**What the task asks**
Look in the listing below for the line that has "Robe de vacances", then return it and each following line up to and including the one with "LocalPredicted 옵션에서 PC가", exactly and without pictures.

**Supplied data**
***

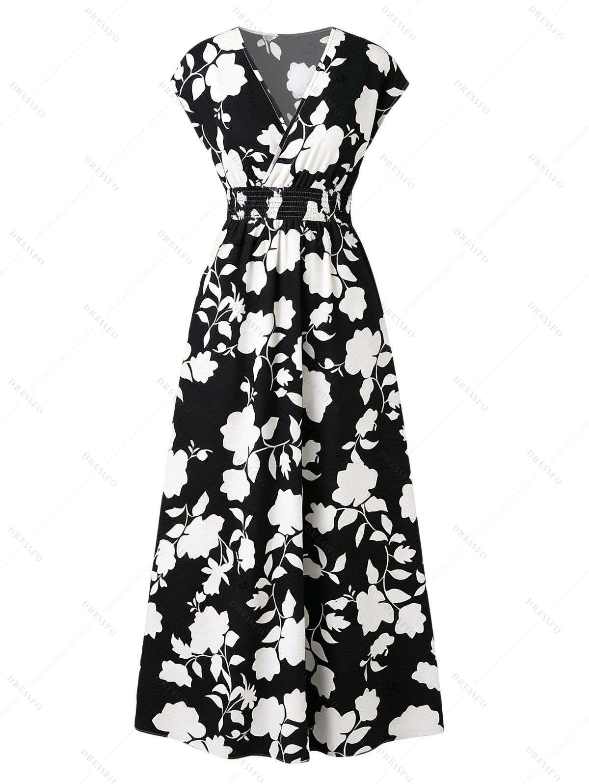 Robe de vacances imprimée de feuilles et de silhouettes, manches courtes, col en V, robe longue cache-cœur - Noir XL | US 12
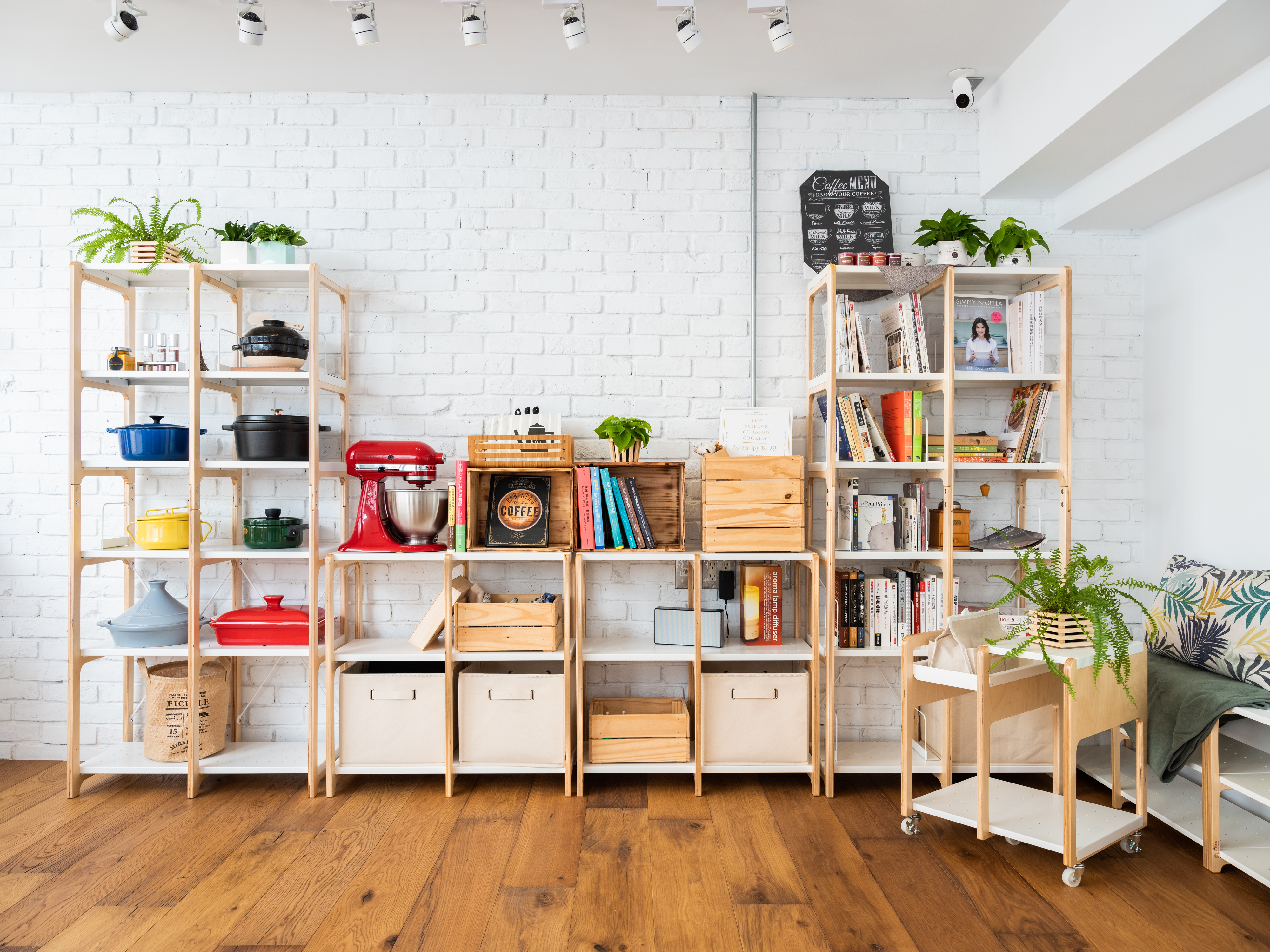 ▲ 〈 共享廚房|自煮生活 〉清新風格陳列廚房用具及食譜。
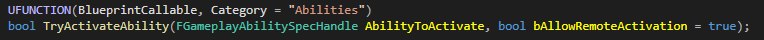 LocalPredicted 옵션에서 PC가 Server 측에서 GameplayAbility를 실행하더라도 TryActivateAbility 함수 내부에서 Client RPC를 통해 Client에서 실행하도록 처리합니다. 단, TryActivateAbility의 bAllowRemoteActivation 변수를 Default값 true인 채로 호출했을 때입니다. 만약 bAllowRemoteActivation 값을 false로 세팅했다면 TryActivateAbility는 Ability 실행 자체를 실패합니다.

***

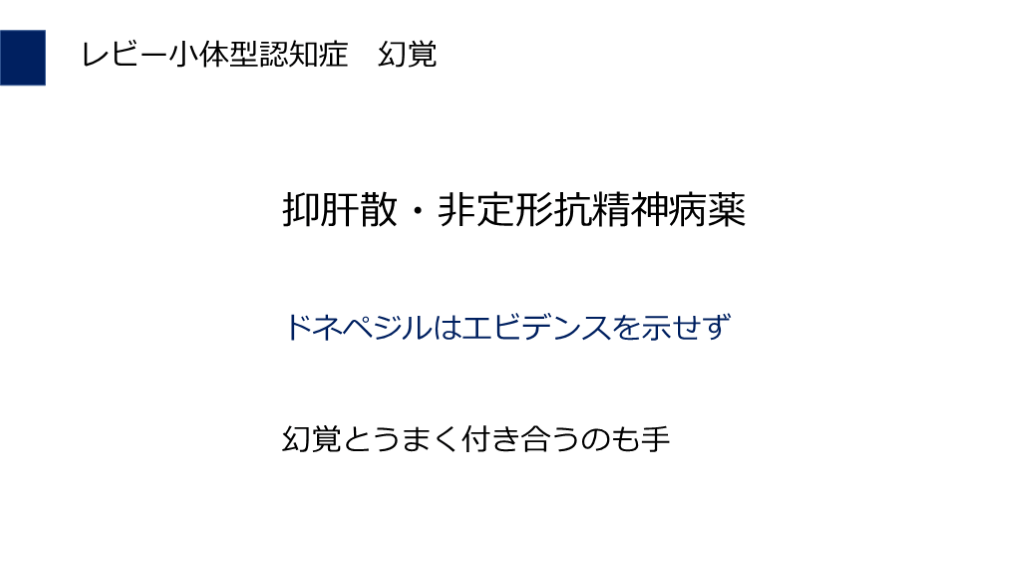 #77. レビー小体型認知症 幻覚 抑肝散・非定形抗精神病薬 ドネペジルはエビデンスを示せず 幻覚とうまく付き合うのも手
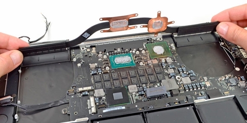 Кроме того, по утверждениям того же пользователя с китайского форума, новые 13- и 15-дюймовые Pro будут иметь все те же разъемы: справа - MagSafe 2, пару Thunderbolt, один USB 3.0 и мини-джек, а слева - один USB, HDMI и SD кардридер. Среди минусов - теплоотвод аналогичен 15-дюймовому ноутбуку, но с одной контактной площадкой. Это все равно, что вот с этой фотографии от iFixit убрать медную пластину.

***

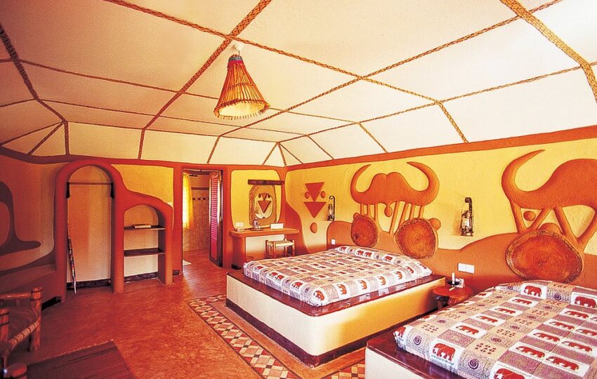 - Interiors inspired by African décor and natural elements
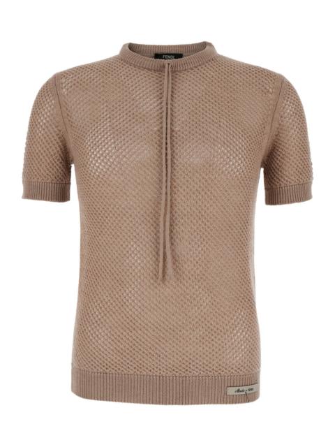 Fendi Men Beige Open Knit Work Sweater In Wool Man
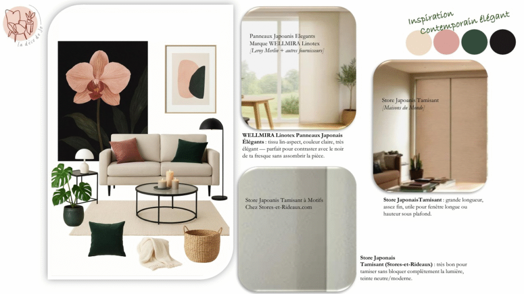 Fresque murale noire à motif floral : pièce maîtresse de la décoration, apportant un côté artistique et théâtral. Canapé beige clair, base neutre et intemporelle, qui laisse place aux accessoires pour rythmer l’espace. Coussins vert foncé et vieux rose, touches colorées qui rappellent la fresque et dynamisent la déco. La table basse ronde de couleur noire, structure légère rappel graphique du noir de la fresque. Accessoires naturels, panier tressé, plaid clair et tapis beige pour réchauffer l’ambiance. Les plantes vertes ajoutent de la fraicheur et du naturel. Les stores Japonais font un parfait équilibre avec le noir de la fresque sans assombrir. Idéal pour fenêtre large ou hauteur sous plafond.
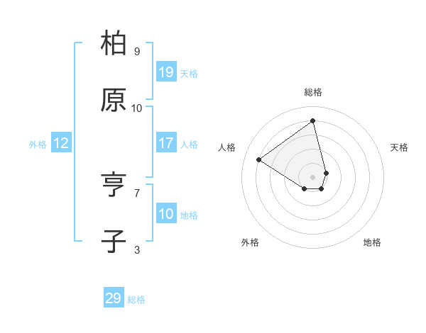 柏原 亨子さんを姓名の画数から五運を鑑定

***

**Response for this exercise**
 Robe de vacances imprimée de feuilles et de silhouettes, manches courtes, col en V, robe longue cache-cœur - Noir XL | US 12
 ▲ 〈 共享廚房|自煮生活 〉清新風格陳列廚房用具及食譜。
 LocalPredicted 옵션에서 PC가 Server 측에서 GameplayAbility를 실행하더라도 TryActivateAbility 함수 내부에서 Client RPC를 통해 Client에서 실행하도록 처리합니다. 단, TryActivateAbility의 bAllowRemoteActivation 변수를 Default값 true인 채로 호출했을 때입니다. 만약 bAllowRemoteActivation 값을 false로 세팅했다면 TryActivateAbility는 Ability 실행 자체를 실패합니다.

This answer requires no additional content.